When a company expands, its use of natural resources increases.
A water footprint audit helps identify bottlenecks before they hurt operations.
Some markets now require water data to let you enter or compete.
Having your footprint measured and audited gives you an advantage over less prepared competitors.
It also helps in supply chain planning and site selection, avoiding high-risk areas for future facilities.
In water-intensive sectors, water often represents a hidden cost that directly affects profitability.
Without measurement, you're likely wasting money.
An audit helps you:
These actions result in immediate operational benefits and build long-term resilience.
At Dcycle, we don’t treat audits as just another service.
We are a complete solution that connects all your ESG data and adapts it for:
We don’t act as auditors or consultants.
Instead, we work with technology, automation, and data that’s actually useful.
Useful to comply, but also to improve.
We bring all your data together in one platform, from:
And we turn it into KPIs, real-time alerts, and tailored reports.
What sets us apart?
You can use everything instantly, no long processes, no waiting, no external dependencies.
If you want your water footprint audit to do more than just meet minimum requirements, it must be integrated with your ESG strategy.
That’s exactly what we deliver:
No complications. No empty promises. Just data, clarity, and action.
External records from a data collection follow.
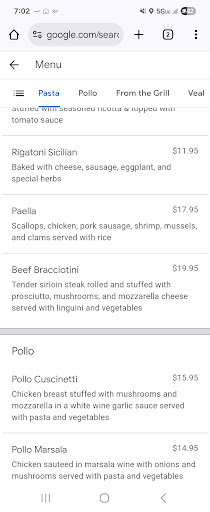 Read moreOverall I was disappointed ... especially due the overall cost; however, let me first say the food that we ate was very good ... starting with the bread. But, in researching for a place to go out to eat while visiting Salisbury, I searched on the internet and saw pictures of the food and the prices. When we arrived and saw the menu, it was obvious the costs were much higher than what was posted on the internet. When I asked about it, the server apologized and said the website information was four or five years old and then asked if I wanted more bread. We're talking over $6.00 per meal off! Then when the cocktail shrimp came out, they only brought out 5 shrimp versus the picture showing 8. I ordered the veal bela boca (or something like that) ... the menu description said "cutlets" ... plural ... but, I only received one small piece of veal. And, I don't believe the menu said my selected item had mushrooms, but it was covered with them (I don't like mushrooms). The portion size was much smaller than what I would have liked (especially for the cost) BUT, as I said, the food that I did get served was very good ... they know how to cook Italian. There servers were very pleasant but the atmosphere is very loud if you have two large groups (like we did) in such a small location. Would I recommend this place? If you have a smaller appetite, then yes; but, if you're a bigger guy wanting to leave a place feeling full, then either this place isn't for you or you need to eat a lot of bread. It is to their advantage NOT to have their internet menu deleted/updated (they say they can't gain access) ... but, ethically, this is not a good practice for a business...
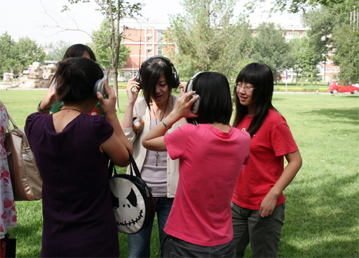 开考前,考生对听力耳机进行调试
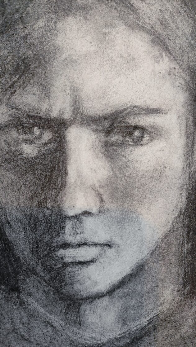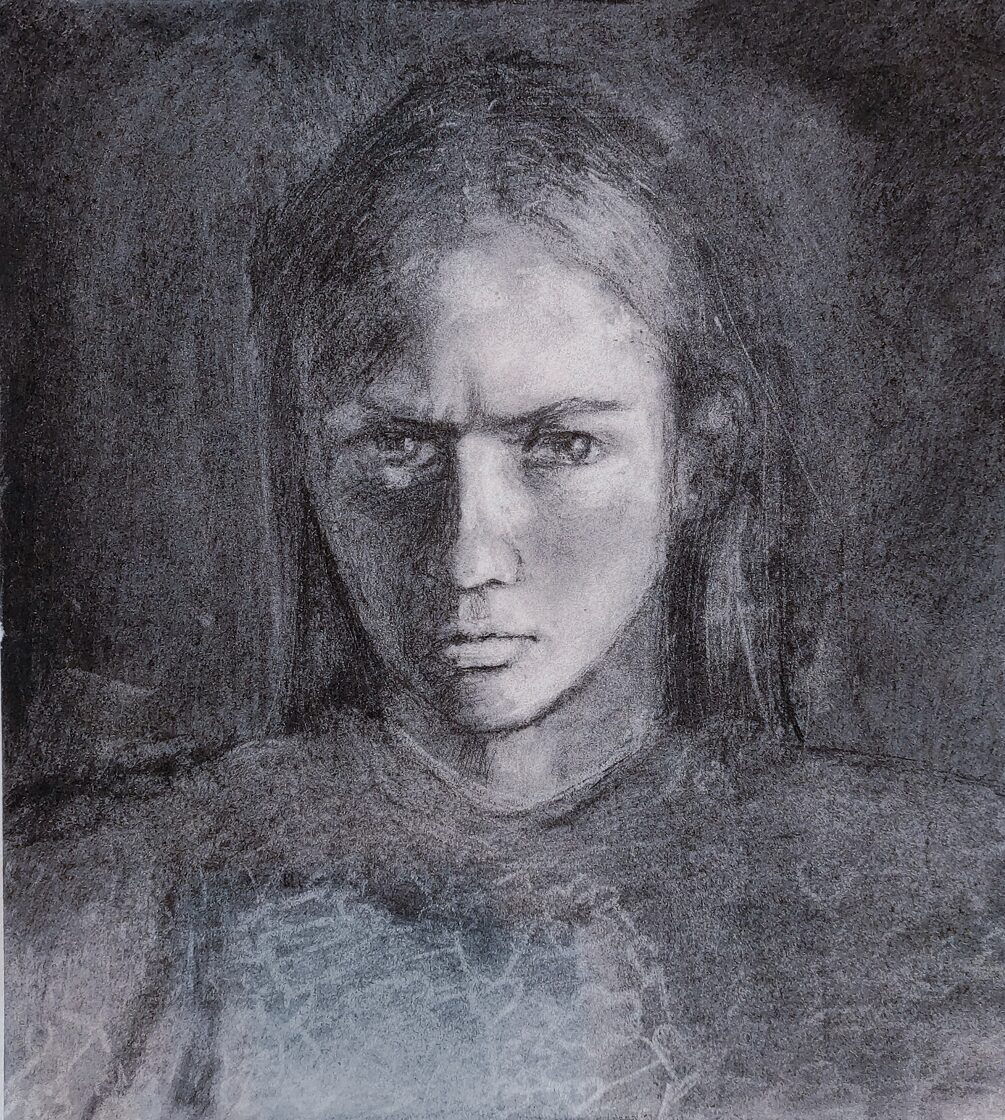Ukázka z portfolia na SŠ, kresba uhlem -

There are three main types of water footprint:
Measuring each type separately allows companies to understand not just how much water is used, but how it’s used and what environmental impact it generates.
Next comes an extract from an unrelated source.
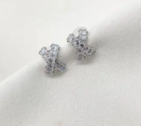 Brinco Prata 925 cravejado com banho de rodio Mini em X

For example, a company might have low blue water use but a high grey footprint, which indicates a pollution problem rather than consumption.
Understanding the balance between these three types is key to managing water sustainably.
It depends on your sector, your location, and the regulatory framework you operate in.
Some companies are already required to report on water use, especially those subject to:
Even if it’s not mandatory today, it likely will be soon.
More and more regulators, investors, and clients are demanding water-related data.
Getting ahead now gives you control, foresight, and a competitive edge.
And if your competitors are already doing it, delaying puts you at a disadvantage.
The cost varies depending on:
Auditing a single office is not the same as measuring an entire global supply chain.
But in all cases, the audit should be seen as an investment, not a cost.
The data you obtain allows you to:
And with platforms like Dcycle, the process is automated, reducing costs associated with consulting fees or manual reporting.
The sectors where a water footprint audit is most critical include:
In these industries, water is not just a resource, it’s a core input.
Without it, operations simply stop.
Additionally, these sectors often operate in regions under water stress, which increases both operational and reputational risks.
That’s why regulators and investors focus heavily on how water is used, treated, and reported in these areas.
By knowing your water footprint, you gain real insights to make smarter decisions.
It allows you to:
It also demonstrates to stakeholders that your company is not just reactive but proactive in facing environmental challenges.
In many industries, the ability to manage water properly is already a differentiator.
Those who do it best are already reaping the benefits.
Yes. And in fact, that’s exactly how it should be.
A water footprint audit only makes sense when it’s part of an integrated strategy.
With platforms like Dcycle, your audit results are:
That means no bottlenecks, no duplicate data entry, and no disconnect between what’s measured and what’s reported.
That’s the difference between measuring out of obligation and measuring to win.
Carbon footprint calculation analyzes all emissions generated throughout a product’s life cycle, including raw material extraction, production, transportation, usage, and disposal.
The most recognized methodologies are:
Digital tools like Dcycle simplify the process, providing accurate and actionable insights.
Some strategies require initial investment, but long-term benefits outweigh costs.
Investing in carbon reduction is not just an environmental action, it’s a smart business strategy.